OTOH, it's way better than the MySQL text search, which doesn't even index words of three letters or fewer. It's the default for the MediaWiki search, and I really think it's no good for end-users: http://www.searchtools.com/analysis/mediawiki-search/
In all cases I've seen, Lucene/Solr and Sphinx are really great. They're solid code and have evolved with significant improvements in usability, so the tools are all there to make search that satisfies almost everyone.
for SHAILI - SOLR includes the Lucene search code library and has the components to be a nice stand-alone search engine.
Just my two cents to this very old question. I would highly recommend taking a look at ElasticSearch.
Elasticsearch is a search server based on Lucene. It provides a distributed, multitenant-capable full-text search engine with a RESTful web interface and schema-free JSON documents. Elasticsearch is developed in Java and is released as open source under the terms of the Apache License.
The advantages over other FTS (full text search) Engines are:
RESTful interface
Better scalability
Large community
Built by Lucene
developers
Extensive documentation
There are many open source libraries available (including Django)
We are using this search engine at our project and very happy with it.
SearchTools-Avi said "MySQL text search, which doesn't even index words of three letters or fewer."
FYIs, The MySQL fulltext min word length is adjustable since at least MySQL 5.0. Google 'mysql fulltext min length' for simple instructions.
That said, MySQL fulltext has limitations: for one, it gets slow to update once you reach a million records or so, ...
I would add mnoGoSearch to the list. Extremely performant and flexible solution, which works as Google : indexer fetches data from multiple sites, You could use basic criterias, or invent Your own hooks to have maximal search quality. Also it could fetch the data directly from the database.
The solution is not so known today, but it feets maximum needs. You could compile and install it or on standalone server, or even on Your principal server, it doesn't need so much ressources as Solr, as it's written in C and runs perfectly even on small servers.

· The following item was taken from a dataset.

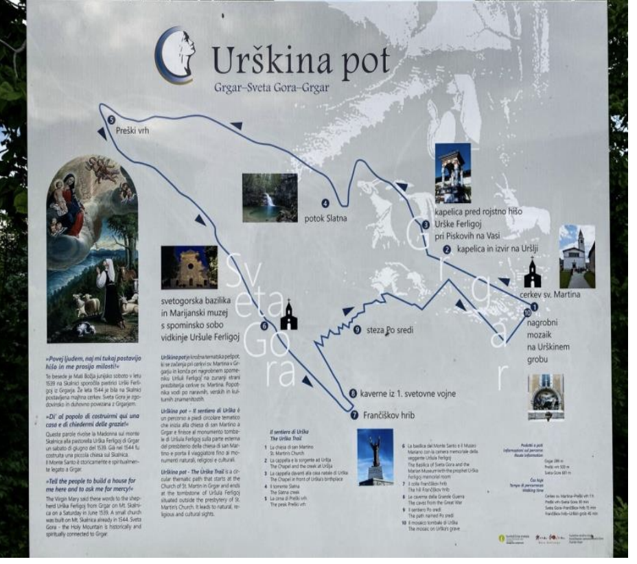 Il Gruppo Seniores organizza, in sostituzione di quella prevista in calendario,  un’escursione con percorso ad anello che ci porterà dal centro del paese di Gargaro (SLO) all’inizio del sentiero “Urskina Pot” dedicato alla pastorella Ursula Ferligoj che ebbe la visione della Madonna sulla cima del monte Skalnica. Quindi al Franciskov hrib, (cima di San Francesco), con un notevole  panorama sottostante, la chiesa di Monte Santo (m 681 di quota) e quindi sul Vodice.

In the beginning You need to compile it Yourself, so it requires some knowledge. I made a tiny script for Debian, which could help. Any adjustments are welcome.
As You are using Django framework, You could use or PHP client in the middle, or find a solution in Python, I saw some articles.
And, of course mnoGoSearch is open source, GNU GPL.
We just switched from Elasticsearch to Postgres Full Text. Since we have already used Postgres, we now save ourselves the hassle of keeping the index up to date.
But this only affects the full text search. There are, however, use cases where Elasicsearch is significantly better. Maybe facets or something like that.